The drugmaker and its partner Ridgeback Biotherapeutics have released the first results of a Phase III trial, which the companies terminated earlier based on the positive results. The companies say they will apply for emergency use authorization from the United States Food and Drug Administration as soon as possible.
The trial recruited people who had recently tested positive for SARS-CoV-2 infection and exhibited mild to moderate symptoms of COVID-19 in just the past five days after starting the trial. . Registrants also had to have at least one risk factor for a poor outcome, such as obesity, diabetes, heart disease, or age 60 or older. While some participants received a placebo and standard care, others took an oral dose of the drug every 12 hours for five days.
After 29 days of follow-up, 53 of the 377 participants who received the placebo were hospitalized with COVID-19, and eight of those participants died. Of those who received the drug, only 28 of 385 were hospitalized and none of those patients died. In other words, 7.3 percent of patients on the drug were hospitalized or died, compared to 14.1 percent in the placebo group.
Merck also pointed out that the trial was global and that the drug appeared to work equally well against various variants of SARS-CoV-2, including delta, gamma and mu. The drugmaker noted that it had viral genetic data to identify variants in 40% of participants.

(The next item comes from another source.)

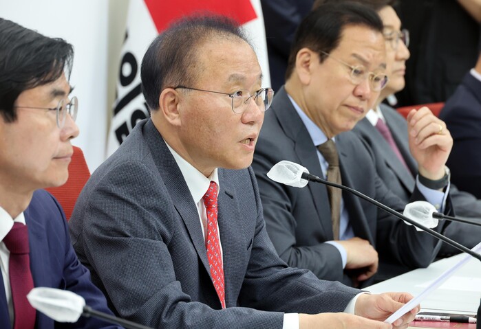 이런 가운데 이날 국회에서 4선 이상 중진 당선인 간담회를 주재한 윤재옥 원내대표 겸 당대표 권한대행은 16일 당선자 총회를 통해 당 체제 정비 방향을 최종적으로 결정하겠다"고 밝혔다.

Safety data was equally promising, with participants reporting a similar number of drug-related adverse events between the placebo group and the drug group (11% and 12%, respectively). About 3.4 percent of people in the placebo group quit the study because of adverse events, while only 1.3 percent quit in the drug group.
Pharmaceutical mythology
The drug at the center of these seemingly impressive results is dubbed molnupiravir, a name inspired by Thor’s hammer, Mjölnir. The idea is that the drug will strike the SARS-CoV-2, like a mighty blow from the god of thunder. In an interview with Stat News, Merck’s research and development director Dean Li said the new data proves the drug’s mythological strength. “Our prediction from our in vitro studies and now with these data is that molnupiravir is named after the correct [thing]… It’s a hammer against SARS-CoV-2 regardless of the variant.

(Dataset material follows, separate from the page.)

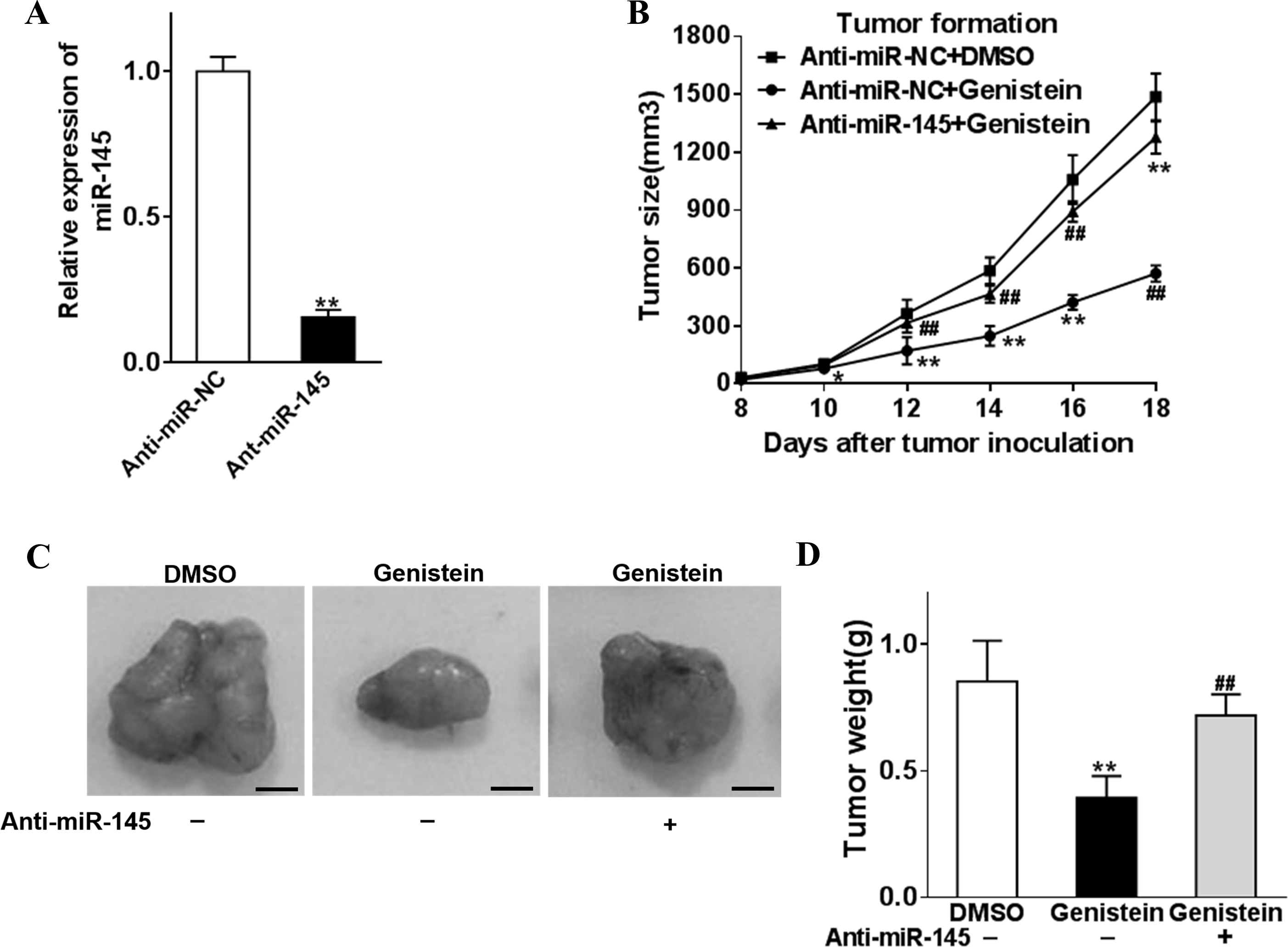 lentivirus to establish stable cell lines. A: The relative expression of the stable cells was analyzed with qRT-PCR. B–D: Anti-miR-145- or anti-miR-NC-overexpression cells (5 × 106) were dispersed in 100 μl of serum-free 1640 medium and were subcutaneously injected into each side of the posterior flank

Molnupiravir is a small molecule that speeds up the work of a viral RNA-dependent RNA polymerase, an enzyme essential for making copies of RNA viruses, such as SARS-CoV-2. The drug had been in the works for years before the emergence of SARS-CoV-2, and as of March 2020, it was set to enter clinical trials for use in influenza. At this point, Ridgeback has teamed up with the nonprofit developers of the drug at Emory University to turn it against SARS-CoV-2. A few months later, in May, Ridgeback and Merck announced a collaboration to develop the drug, then called EIDD-2801, into a COVID-19 treatment.

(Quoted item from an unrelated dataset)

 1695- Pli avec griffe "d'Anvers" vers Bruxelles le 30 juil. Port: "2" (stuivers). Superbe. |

Molnupiravir delivers a precise hit to viral RNA polymerase by presenting itself as a building block of RNA. In the body, molnupiravir is forged into a deceptive ribonucleoside that the polymerase unintentionally incorporates into new strands of viral RNA instead of cytidine. It is essentially fatal. The researchers call the effect a “viral error catastrophe”, in which the rate of genetic mutations or errors exceeds a threshold compatible with the survival of the virus.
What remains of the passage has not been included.